Peut-on (ou doit-on) encore avoir foi dans le pays? Une question qui n’est pas que politique, ou philosophique, mais, dans notre contexte, économique.

On a tendance à relier la foi à la religion. Ce qui est vrai. Mais pas que. Le dictionnaire va plus loin: ‘’Parole ou acte qui exprime l’adhésion à une religion ou à une idée’’. C’est que le terme foi vient du latin fides qui signifie ‘confiance’. La foi désigne donc le fait d’avoir confiance en quelque chose ou quelqu’un. On peut donc croire à – avoir foi en – un dogme, un leader, un parti, une économie, un État, un pays. Ou pas.

Un phénomène est avéré dans ce cadre: quand on cesse de croire, l’objet de cette foi disparaît. On a bien vu des entreprises disparaître presque subitement parce qu’elles n’ont plus la confiance de leur clientèle. On a vu même des pays disparaître (URSS, Yougoslavie…), ou des dieux (Appolon, Zeus…). Rien que parce que personne n’y croit plus.

Quel rapport avec nous, dans notre sphère économique? Tout, en fait. La plupart ont cessé de croire dans la livre libanaise, et elle s’effondra. Beaucoup ne croient plus dans le secteur bancaire et il est en train de chanceler. Il faut dire qu’on a tout fait pour en arriver là, par les actions ou inactions de tous les pans du pouvoir: président, gouvernements, ministres des Finances, Parlement, juges, Hezbollah… puis des médias, des pays étrangers (l’Iran, le Syrie…).  Délibérément.

Maintenant, on assiste à des corbeaux qui croassent publiquement que ‘’tout va s’effondrer’’ au Liban, sans définir ce que cela veut dire au juste. Cela fait un bon bout de temps que ça dure, et même si la situation s’envenime de plus en plus, pas encore d’effondrement. Car il y a toujours quelques-uns qui croient dans l’idée de développer un projet de restaurant ou une usine ou une startup, puis des ONG qui se multiplient, ayant toujours la foi. C’est ce qui tient encore le socle en place.
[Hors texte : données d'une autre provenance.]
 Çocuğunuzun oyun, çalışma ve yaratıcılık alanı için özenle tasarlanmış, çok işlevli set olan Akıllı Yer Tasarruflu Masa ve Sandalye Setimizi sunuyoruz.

Mais paradoxalement, l’État est généralement absent de cette foi. Si on avait une activité de sondage sérieuse dans le pays, il y a fort à parier qu’à la question ‘’croyez-vous encore à l’existence d’un État au Liban?’’, la plupart répondront par la négative. Le monde extérieur glisse peu à peu vers le même état d’esprit: on rechigne à traiter avec les locaux, freinant ainsi le commerce, les transferts d’argent, les investissements… obligeant les acteurs concernés à implanter des entreprises annexes à Dubaï ou à Chypre.
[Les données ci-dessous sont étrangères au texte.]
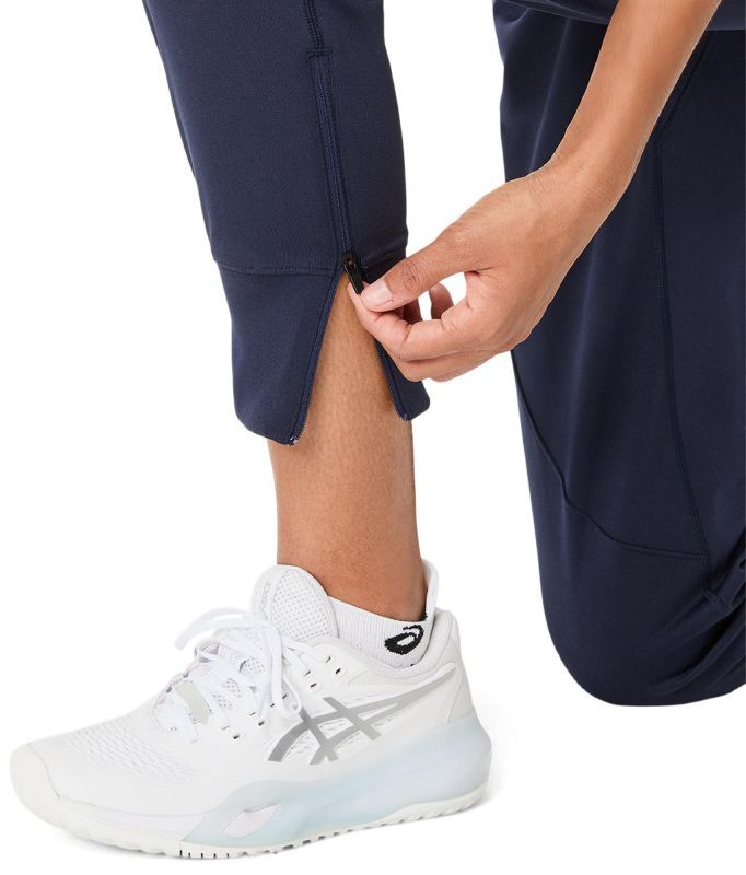 Женские брюки Asics Court Warm-Up — легкие спортивные брюки с комфортным, свободным кроем. Широкая эластичная резинка на поясе вместе с внутренним шнурком обеспечивает очень хорошую посадку и комфорт во время активности. Два боковых кармана с внутренней сеткой для лучшей вентиляции делают эти брюки особенно удобными для тренировок и игр. На сайте tennis-24.ru вы найдете этот идеальный вариант для спорта и повседневного использования. Низ штанин можно частично расстегнуть с помощью молний, а плоские швы минимизируют риск натираний и раздражений.

On se demande même si les commis de l’État eux-mêmes y croient encore. Les ministres, par exemple, font semblant. Mais comme ils sont mauvais acteurs, ils ne convainquent pas grand monde. Ils tentent en fait de cacher leur jeu en présentant, chacun, un ‘plan global’ pour leur secteur… avec la collaboration à chaque fois d’un organisme international. En réalité, c’est l’OMS, La Banque mondiale, la FAO… qui ont effectué le travail puis placé le ministre concerné devant le micro en lui indiquant quoi réciter. Ces acteurs extérieurs semblent paradoxalement beaucoup plus intéressés dans la préservation de l’État que les commis de l’État eux-mêmes.  

Mais si c’est presque acquis que peu croient encore en l’État libanais, il y a encore un pas qui reste incertain: est-on arrivé à perdre la foi dans le pays lui-même – un pays étant différent de son État. Ce n’est pas sûr que les centaines de milliers de Libanais qui ont quitté le pays depuis 2019 sont dans cet état d’esprit. La motivation de survie économique semble prévaloir pour le moment.  

Mais cette perte de foi dans le pays est toujours un risque qui peut subvenir à la longue, et c’est à ce moment-là que le fameux effondrement soufflera. Certains proposent comme paratonnerre un genre de fédéralisme, en partie pour échapper à l’emprise du Hezbollah et autres magouilleurs. Mais c’est là une autre histoire dont on verra les dynamiques économiques dans un prochain article.  

En attendant, souvenons-nous qu’un bon homme d’État est celui qui sait bien justifier pourquoi les engagements qu’il a pris n’ont pu être tenus.